Thursday, 21 July 2011

Ayamkum Sa3eeda


Will it be tomorrow or the day after? That was the question.

The television told us, until the television told us we would be prepared for both possibilities, homework finished, school uniforms ready, schoolbags packed, just in case, at the same time the house cleaned, the kitchen filled with the aroma of baking, the visitor’s room ready and welcoming, also just in case.

In our dishdashas or baza pyjamas, peering through the windows willing the crescent to show itself to our pleading eyes, we would carefully keep note of the television waiting for the news, the official declaration, seen or not seen?

With the news over we would then either reluctantly creep up the stairs and get into bed, or scramble down begging to be allowed to stay up a little later as the theme music changed and "il layla 3eed" started playing to the background sparkly images.

The next morning we would rise very early, tumbling down the stairs to wish our parents “happy days” and get through the breakfast quickly so we could at last don our brand new clothes and shoes, garments bought or sewn several days or even weeks in advance specially for the occasion.

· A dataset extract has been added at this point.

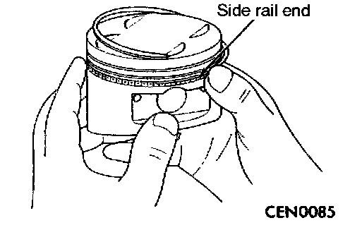 2. Install the side rail by placing one end between the piston ring groove and the expander. Hold end firmly and press down the portion to be installed until side rail is in position. Do not use a piston ring expander.
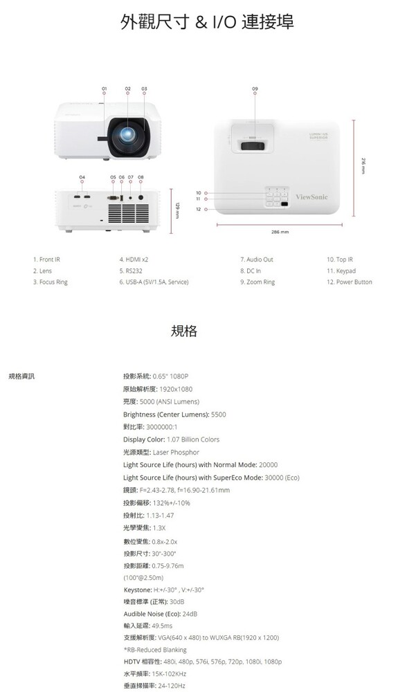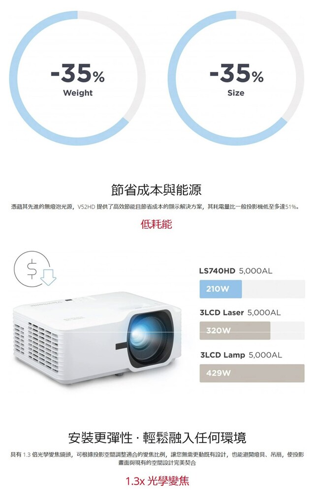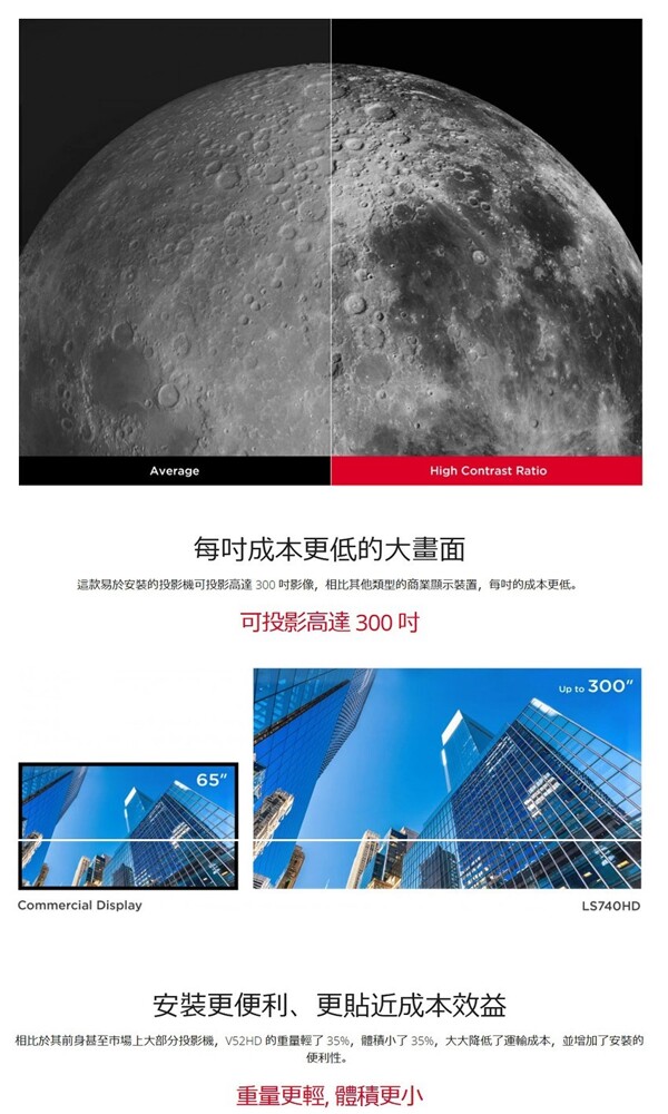 ▲可投影高達 300 吋的超大畫面,每吋畫面成本更低

Looking our best and with parents eventually prepared (only when you get older do you realise how many other things the adults had to do before they could leave) the journeys would begin, it always seemed to be a race, carefully orchestrated and involving meticulous attention to hierarchy so younger members of the family (even if they were in their sixties) would visit the older ones, and in turn receive visits from those younger, the same applied at work so juniors greet their seniors, and so on, we would start with the neighbours in ever increasing circles of distance, tasting samples of every household’s pastries, and repaying with our own on the return visit.

After this there would be a visit to the relatives no longer with us, a special prayer for my grandfather, his father, and the uncles buried not far away, with the annual reminder of each and every one, their names, their achievements and the stories of their bravery.

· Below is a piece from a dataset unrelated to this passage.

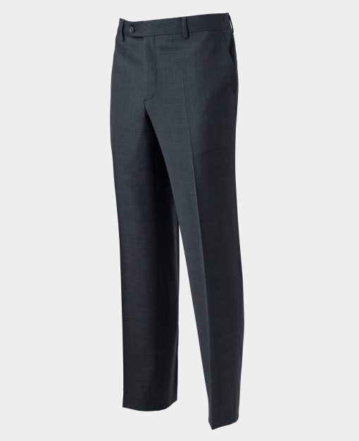 Decorated with a subtle Prince of Wales check and made from a slightly stretchy wool-blend fabric, these men’s suit trousers are comfortable, classic and smart. They’re tailored for a flattering straight fit but can be made slimmer on request.
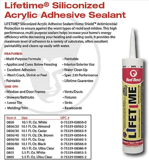 Lifetime® Ultra 230 Premium Elastomeric Acrylic Latex Sealant is a high performance, multi-purpose sealant formulated to last for the lifetime of your home. This unique formulation provides the maximum level of durability on a variety of substrates indoors or outdoors. It offers excellent paintability and includes HomeShield#153. Antimicrobial Protection to ensure against the worst types of mold and mildew. Cured sealant is mold and mildew resistant.

Then it was time for the first half of the family members, those relatives living nearby, the first and second cousins, some with their own children, all in our new clothes, all under strict instructions to “behave well”, “speak politely”, “thank everyone profusely for the 3eedyia” (gifts or traditionally coins given to children by older relatives in Eid), “never take more than one Mackintosh sweet” (why was it always Quality Street) even if offered repeatedly, and “under no circumstances get our new clothes dirty!”

At lunch time we would congregate at my grandmother’s house. A large meal, lots more people, gifts for the children and often a special television film.

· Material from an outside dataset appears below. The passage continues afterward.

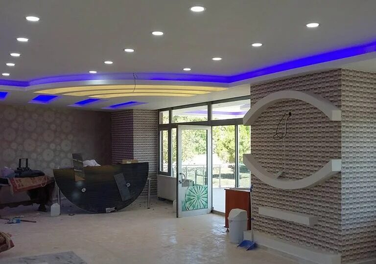 Asma tavan Antalya projelerinde düz yüzeyli klasik uygulamaların yanı sıra, farklı kotlarda ve formlarda tasarlanan dekoratif asma tavanlar da oldukça popülerdir. Dairesel, kademeli, gizli ışıklı ya da geometrik şekilli alçıpan tavanlar mekânlara karakter katar.

In the evening the cycle would continue, with the slightly more distant relatives, who also lived slightly further away, the visits becoming briefer, the sweets and pastries much less tempting now, with many more istikans of chai to help digest the various parts of the meals.

By the second day our list of visitors and visits would be getting shorter, and our patience in waiting to spend our money would be shorter still.

A trip to Luna Park, a special toy, and many sweets later and becoming rather uncomfortable in the not-so-new clothes, and the not-so-comfortable shoes the days of celebration would rapidly come to an end.

And tomorrow we would go back to school, back to friends, to compare notes, to compare 3eedyias and gifts, and to take whatever was left of the pastries to who ever could manage another one the day after the Eid.

If you celebrated today or if you are celebrating tomorrow, have a good Eid, and for our country and people may the year ahead bring liberty, peace and prosperity.

A&Eiraqi said...
اسعد الله ايامك و كل عام و انت بخير
13 October 2007 09:21

saminkie said...
ayamkum sa3eeda....nice post...i like it when you talked about the BAZA pijamas...
13 October 2007 15:32

3eeraqimedic said...
Glad you liked it, it was very much as usualy influenced by Yasmin of noomehillo.
Ah yes brushed cotton never brings back memories like baza does!!
14 October 2007 00:50

Yasmin (Blanche) said...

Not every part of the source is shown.